Subventions et des contributions :
Subvention ou bourse octroyée s'appliquant à plus d'un exercice financier. (2017-2018 à 2022-2023)
Deep neural networks have recently pushed forward the state-of-the-art in applications as diverse as image understanding, language understanding, genomics, computational chemistry, game playing, and robotics. Deep generative models in particular have seen rapid progress in the past few years, with networks able to produce plausible images or speech signals. As diverse as these application areas are, the challenges and frustrations facing the researchers and practitioners have much in common. Neural networks can take weeks to train on expensive Graphics Processing Unit (GPU) hardware. The algorithms have many more knobs which need to be tweaked, compared with the previous generation of machine learning algorithms. In the case of deep generative models, it can be hard to determine if the networks are learning to model the data or simply memorizing their training examples.

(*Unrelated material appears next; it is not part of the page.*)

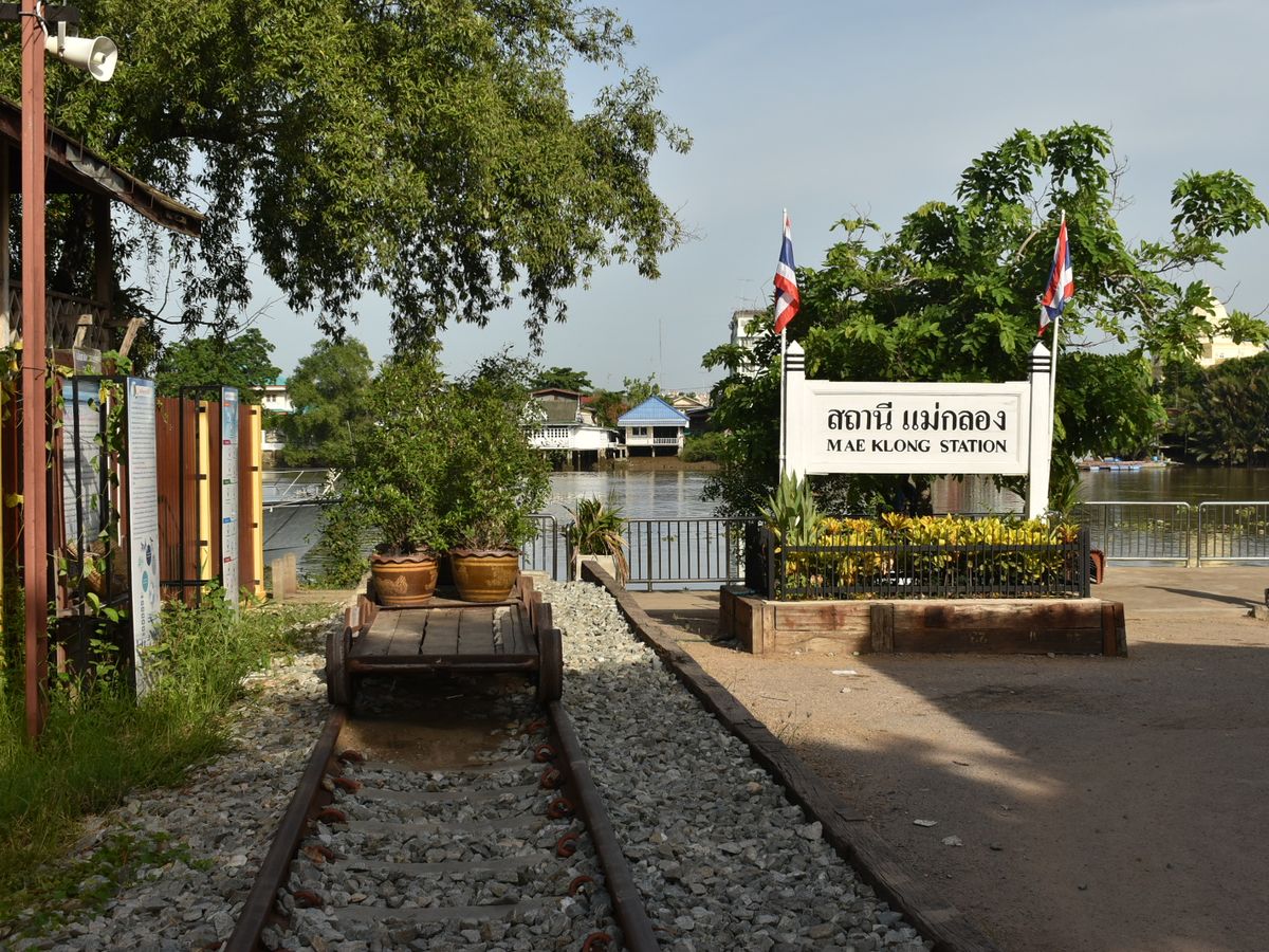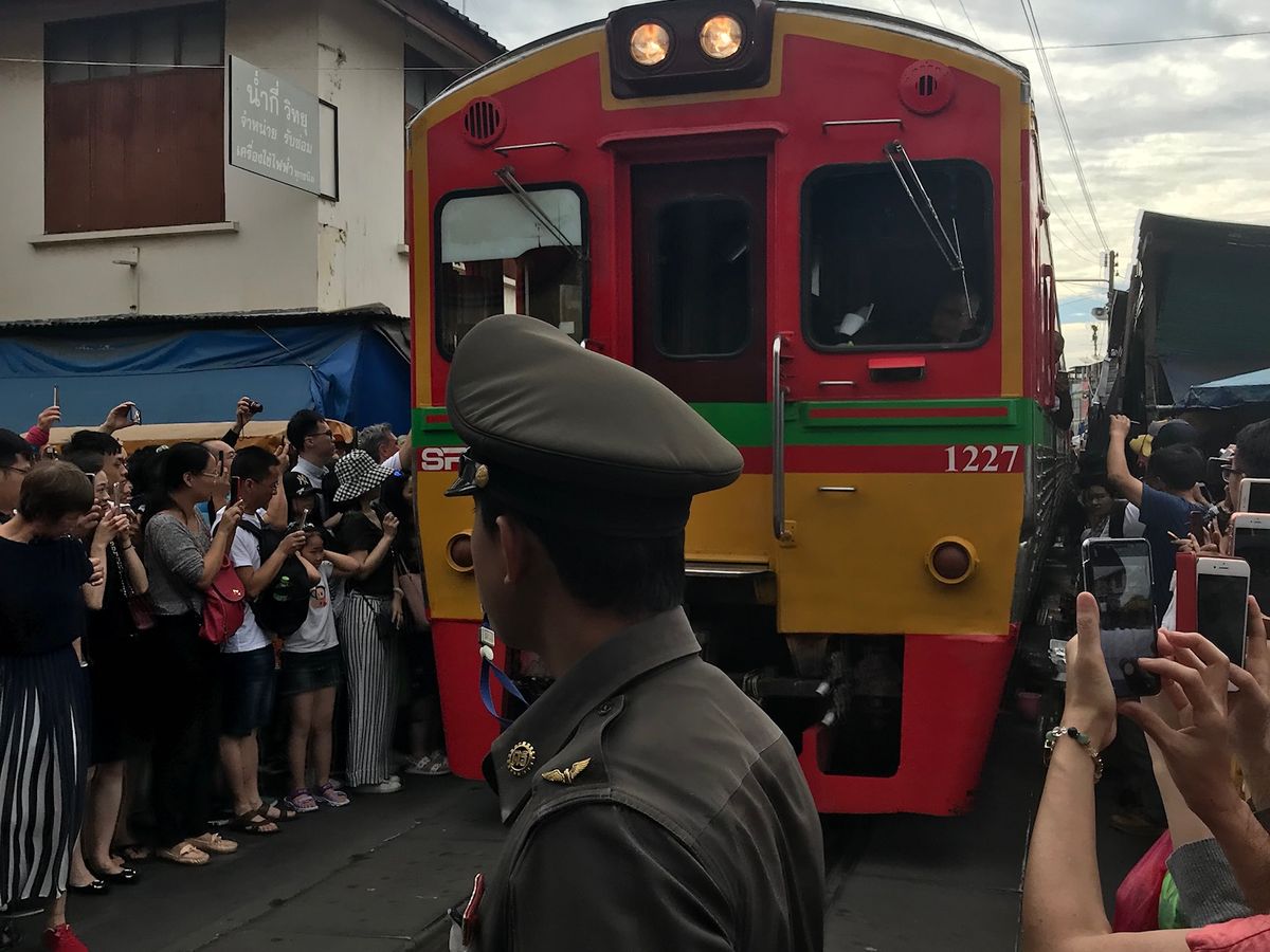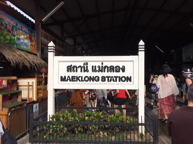 ちょっと早めにメークロン駅へ到着して、すこし線路市場をみた後、駅の中奥側のメークロン川を見ました。そのあとは電車が来るまで待機。電車の時間が近づくと多くの人でごった返しました。屋根をたたむところをすこし見て、すぐに撮影出来そうな場所へ行き待機。それにしてもすごく暑かった。海外の背の高いお姉さん、お兄さんの後ろで大変でしたが、自撮り棒を掲げたらゆっくり入ってくる電車を撮ることが出来ました。

Solutions to any of these issues would have enormous impact across a range of application areas, both in industry and in scientific research. I propose to tame the complexity of neural networks using the techniques of structured probabilistic modeling. Over the next five years, I will focus on two main threads: improving the optimization of neural networks, and evaluating deep generative models.
Training neural networks can take weeks, even with modern GPU hardware. Previously, I introduced a method for deriving efficient second-order optimization algorithms from probabilistic models of the curvature of a cost function. This led to large speedups in training many types of neural nets. I plan to extend this technique to state-of-the-art architectures for image, video, and text understanding, and to scale up the technique to training on a cluster rather than an individual processor. The end result will be a general-purpose neural net training algorithm which is efficient and scalable and requires little hand-tweaking.
The main obstacle to evaluating generative models is the intractability of computing the probability assigned to a configuration, coupled with the difficulty of determining how accurate one's estimates are. (Papers published on the topic tend to include caveats that the reported probabilities may be extremely inaccurate.) The difficulty of evaluation is considered one of the main factors holding back scientific progress on generative modeling. I aim to develop techniques for obtaining confidence intervals for the probabilities which are both tight and accurate, so that we can have confidence in our evaluation of generative models. This will enable rigorous empirical study of generative models, which in turn will allow us to improve them.